Problem details
Whatever pictures appear, omit them, and repeat the data below exactly.

== Recorded information ==

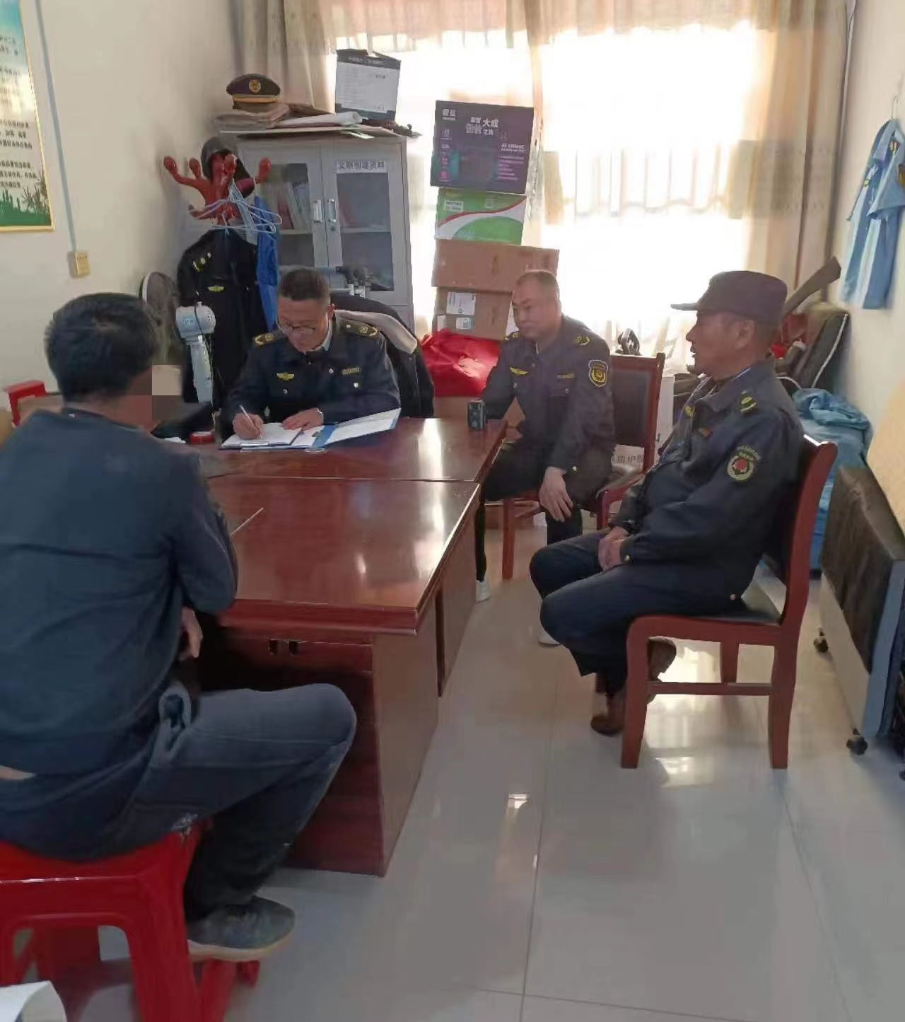 近日,莽张镇综合行政执法大队执法人员夜晚巡查中发现,天湖村村民吴某某正在用传送带向一辆农用三轮车装送河砂。执法人员在现场立即制止违法行为,依法扣押吴某某的盗采河砂作业工具,并迅速展开调查。
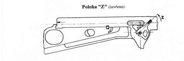 在 Z 位置时,枪机向后移动,与枪托部分连接。O 在位置上,枪机向前移动,可打开枪机。U 在位置上,操作杆与轴一起拔出,允许武器完全拆卸。
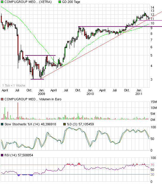Handelsvolumen sind die Kurs bei CGM mal wieder völlig willkürlich. Positiv ist natürlich, dass das Verkaufsinteresse ggw. sehr gering ist, allerdings muss man auch berücksichtigen, dass CGM durch die Japan Tragödie keinen einzigen Cent Umsatz und Gewinn verliert

===

Result
 近日,莽张镇综合行政执法大队执法人员夜晚巡查中发现,天湖村村民吴某某正在用传送带向一辆农用三轮车装送河砂。执法人员在现场立即制止违法行为,依法扣押吴某某的盗采河砂作业工具,并迅速展开调查。
 在 Z 位置时,枪机向后移动,与枪托部分连接。O 在位置上,枪机向前移动,可打开枪机。U 在位置上,操作杆与轴一起拔出,允许武器完全拆卸。
Handelsvolumen sind die Kurs bei CGM mal wieder völlig willkürlich. Positiv ist natürlich, dass das Verkaufsinteresse ggw. sehr gering ist, allerdings muss man auch berücksichtigen, dass CGM durch die Japan Tragödie keinen einzigen Cent Umsatz und Gewinn verliert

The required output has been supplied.